Christoph Kern, Lehr­stuhl für Social Data Science und sozial­wissenschaft­liche Methodenlehre: Fairness beim maschinellen Lernen (Juli 2022)

Dr. Christoph Kern ist Post-Doktorand am Lehr­stuhl für Statistik und Methodik der Universität Mannheim und Research Assistant Professor im Joint Program in Survey Methodology (JPSM) der University of Maryland. Außerdem ist er Projektleiter am Mannheimer Zentrum für Europäische Sozialforschung (MZES) und Mitglied des Mannheim Center for Data Science (MCDS). Er promovierte 2016 zum Dr. rer. pol. in Sozial­wissenschaften an der Universität Duisburg-Essen (UDE).


What is your current research topic?

Most of my recent work focuses on fairness in machine learning. A current example is the project “Fairness in Automated Decision-Making – Fair ADM” (jointly with Frauke Kreuter, LMU Munich, and Ruben Bach, University of Mannheim), in which we study the implications of algorithmic profiling of job seekers. This includes building profiling models with German administrative data, and conducting “fairness audits”. That is, we are addressing questions such as: What are the downstream effects of different modeling decisions? Do we observe differences in model performance for certain (protected) subgroups? How do certain types of error rates compare between, e.g., German and non-German jobseekers?  

For those who have not yet delved deeply into the topic of Data Science: How would you explain to a child what you are working on?

In my research field, many people are trying to ensure that computer programs make good decisions. Imagine, for example, a computer decides whether you get some extra help in a difficult class in school. Of course, you wouldn’t want the computer to decide based on your skin tone or the colour of your hair. Instead, we want to make sure that those who need extra support are correctly assigned by the computer and receive help, independent of attributes that should not matter for such decisions.          

Everyone talks about Data Science – how would you describe the importance of the topic for yourself in three words?

statistics + computer science + ambiguity

What points of contact with Data Science does your work have? Which methods do you already use, and which would be interesting for you in the future?
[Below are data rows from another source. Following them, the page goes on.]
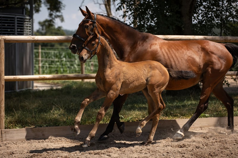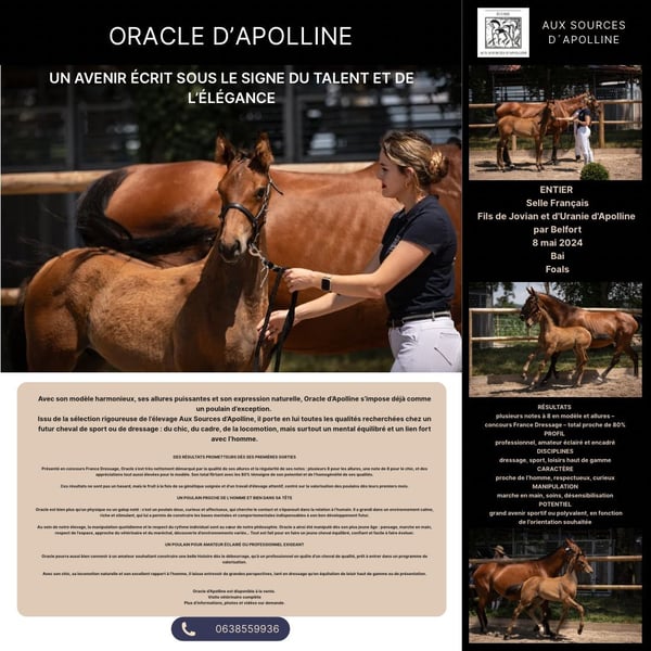 Un avenir écrit sous le signe du talent et de l’élégance ENTIER Selle Français Fils de Jovian et d'Uranie d'Apolline par Belfort 8 mai 2024 Bai Foals Résultats plusieurs notes à 8 en modèle et allures – concours France Dressage – total proche de 80% Profil professionnel, amateur éclairé et encadré Disciplines dressage, sport, loisirs haut de gamme Caractère proche de l’homme, respectueux, curieux manipulation marche en main, soins, désensibilisation Potentiel grand avenir sportif ou polyvalent, en fonction de l’orientation souhaitée Avec son modèle harmonieux, ses allures puissantes et son expression naturelle, Oracle d’Apolline s’impose déjà comme un poulain d’exception. Issu de la sélection rigoureuse de l’élevage Aux Sources d’Apolline, il porte en lui toutes les qualités recherchées chez un futur cheval de sport ou de dressage : du chic, du cadre, de la locomotion, mais surtout un mental équilibré et un lien fort avec l’homme. Des résultats prometteurs dès ses premières sorties Présenté en concours France Dressage, Oracle s’est très nettement démarqué par la qualité de ses allures et la régularité de ses notes : plusieurs 8 pour les allures, une note de 8 pour le chic, et des appréciations tout aussi élevées pour le modèle. Son total flirtant avec les 80% témoigne de son potentiel et de l’homogénéité de ses qualités. Ces résultats ne sont pas un hasard, mais le fruit à la fois de sa génétique soignée et d’un travail d’élevage attentif, centré sur la valorisation des poulains dès leurs premiers mois. Un poulain proche de l’homme et bien dans sa tête Oracle est bien plus qu’un physique ou un galop noté : c’est un poulain doux, curieux et affectueux, qui cherche le contact et s’épanouit dans la relation à l’humain. Il a grandi dans un environnement calme, riche et stimulant, qui lui a permis de construire les bases mentales et comportementales indispensables à son bon développement futur. Au sein de notre élevage, la manipulation quotidienne et le respect du rythme individuel sont au cœur de notre philosophie. Oracle a ainsi été manipulé dès son plus jeune âge : pansage, marche en main, respect de l’espace, approche du vétérinaire et du maréchal, découverte d’environnements variés… Tout est fait pour en faire un jeune cheval équilibré, confiant et facile à faire évoluer. Un poulain pour amateur éclairé ou professionnel exigeant Oracle pourra aussi bien convenir à un amateur souhaitant construire une belle histoire dès le débourrage, qu’à un professionnel en quête d’un cheval de qualité, prêt à entrer dans un programme de valorisation. Avec son chic, sa locomotion naturelle et son excellent rapport à l’homme, il laisse entrevoir de grandes perspectives, tant en dressage qu’en équitation de loisir haut de gamme ou de présentation. Oracle d’Apolline est disponible à la vente. Visite vétérinaire complète Plus d’informations, photos et vidéos sur demande.
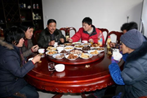 女儿或干女儿.干儿子在正月初一回娘家或干爸.干妈家拜年。新结婚的女儿回娘家叫“做新客人”必须娘家的弟弟去女儿家里邀请叫“叫新客人”女儿女婿才能回娘家。新客人来必须泡糖茶而不是茶叶茶。
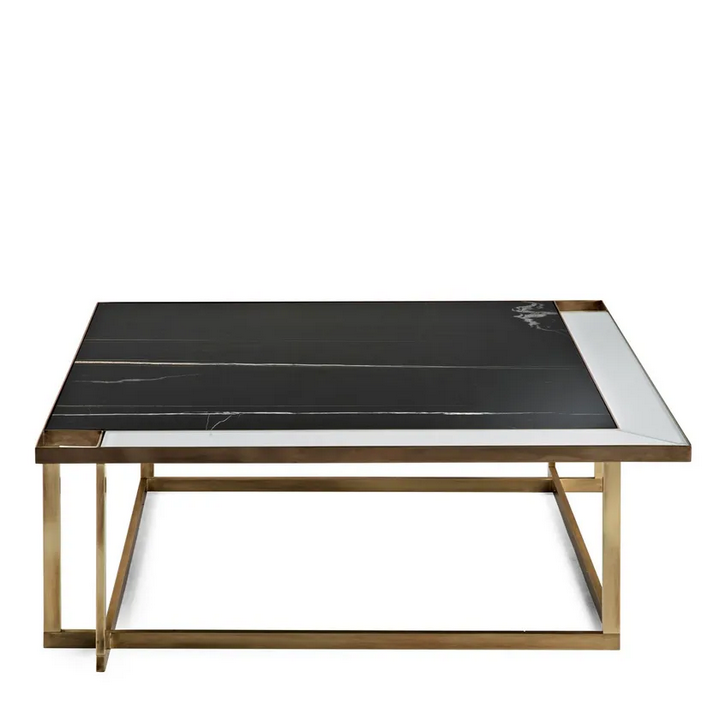 Элегантный квадратный кофейный столик демонстрирует тщательное внимание к деталям, начиная от его стройных латунных ножек и заканчивая утонченным мраморным верхом. Углубленный дизайн столешницы добавляет глубины и интереса, в то время как комбинация материалов создает выразительный контраст, который привлекает взгляд. Этот столик не только функциональный предмет мебели, но и заявление о стиле и утонченности.
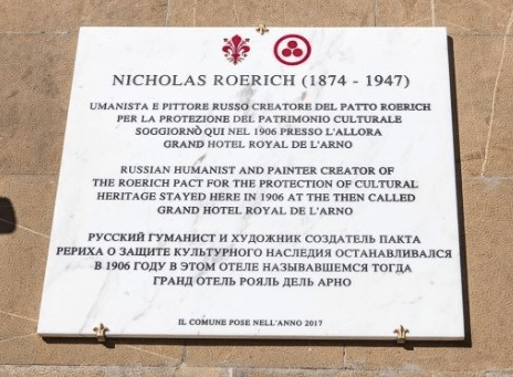 ovvero Nikolaj Rérich, il grande pittore etnologo che NON solo ha contribuito assai alla nascita del Sacre du printemps di Stravinskij (vedi le “rece” della lettura al Maggio di Jurovskij), ma ha anche, nel 1935, cercato in tutti i modi di creare l’utopia della salvaguardia del patrimonio artistico dai bombardamenti…
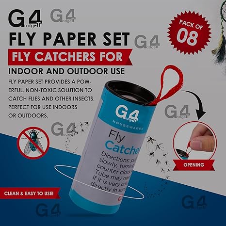 G4GADGET 8-Pack Fly Paper Set – Non-Toxic Sticky Fly Traps for Indoor & Outdoor, Ideal for Fruit Flies and Insects
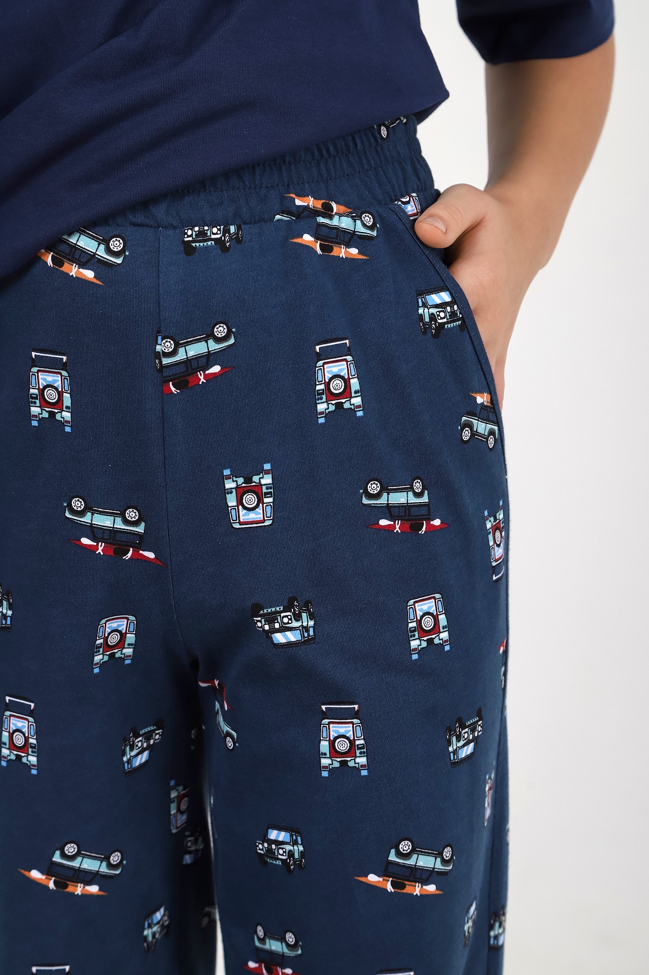 Костюм для мальчика ,состоящий из футболки и брюк. Футболка - из гладкокрашеного полотна "кулирка", классического покроя, с короткими втачными рукавами, горловиной овальной формы, обработанной втачной планкой, и принтом вцентре переда, выполненным в технике шелкографии. Брюки - из полотна с набивным рисунком, прямого силуэта, на притачном поясе с эластичнойтесьмой внутри и карманами в боковых швах, входы в которые окантованы основным материалом.
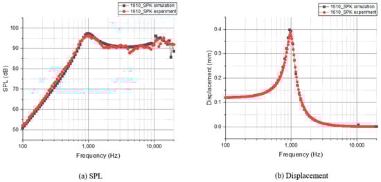Experiment and simulation results of 1610_SPK: (a) SPL and (b) displacement.
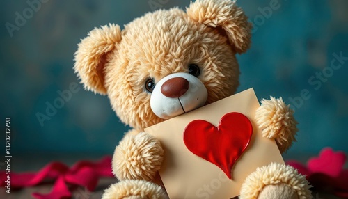Adorable teddy bear clutching a heart-shaped wax-sealed letter, sweet, background
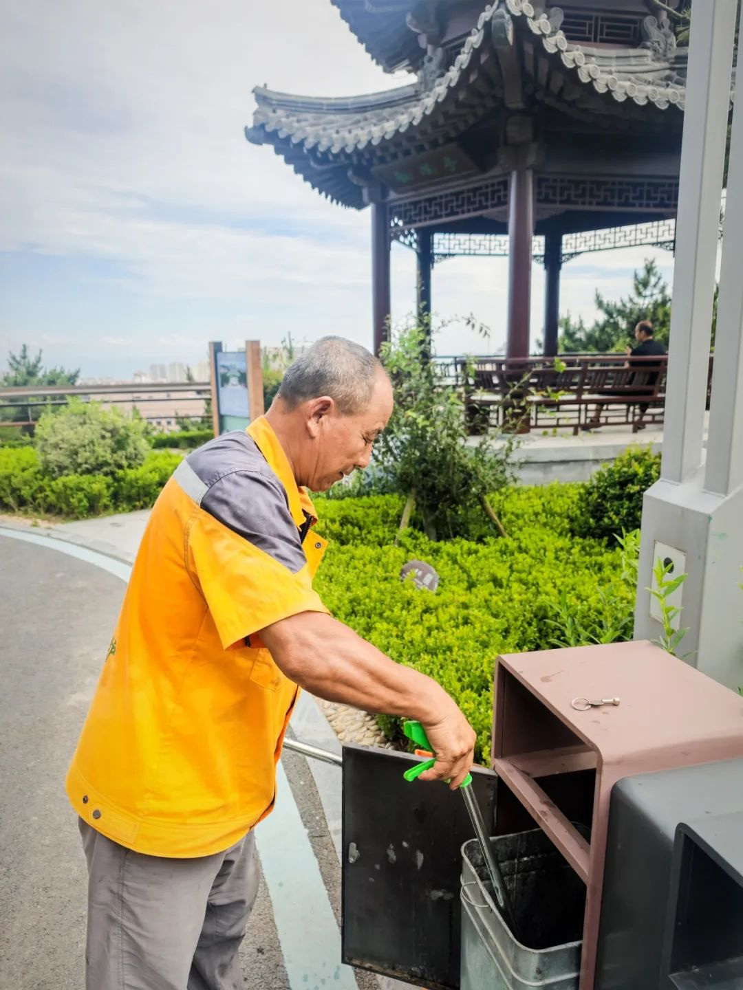清晨6点,当大多数人还在睡梦中,养护工人已开始一天的忙碌:工人们打捞湖面漂浮物,确保水域清澈;团队穿梭林间除草修剪,呵护每一寸绿意。尽管高温让他们的工作服湿了又干、干了又湿,但他们始终坚守岗位,用实际行动诠释着“爱岗敬业”的责任担当。

We use various machine learning methods in the Fair ADM project to build algorithmic profiling models. An interesting aspect is that modern data science tools can be paired with “old” or traditional data, and oftentimes we see that this can improve things, e.g., with respect to prediction performance. However, the question is whether this still holds true once we take a closer look into subgroup performance, or consider interpretability. In the future, I think it will be interesting to (empirically) evaluate the use of data science methods to improve the allocation of, e.g., labor market programs or other support measures for unemployed individuals, with respect to both performance and fairness.     

How high is the value of Data Science for your work? Would your research even be possible without Data Science?

The increasing use of algorithmic decision-making (ADM) in various contexts is inevitably tied to advances in data science methodology. Of course, ADM systems can be implemented in different ways and may draw on various types of statistical models, but the advent of powerful machine learning methods clearly fueled the use of prediction approaches to support decision-making. Since my work is studying social implications of ADM, it is in a sense quite dependent on historical progress in data science and statistics.

What development opportunities do you see for the topic of Data Science in relation to your field?

Having a background in social science and survey methodology, I’m hoping for more interdisciplinary collaborations with a strong focus on data quality in data science contexts. Technical progress is great, but it is also of great importance to develop a joint understanding of the implications of using insufficient training data. I think a lot of work can be done on improving generalizability and representation to promote a safe and reliable usage of data science tools.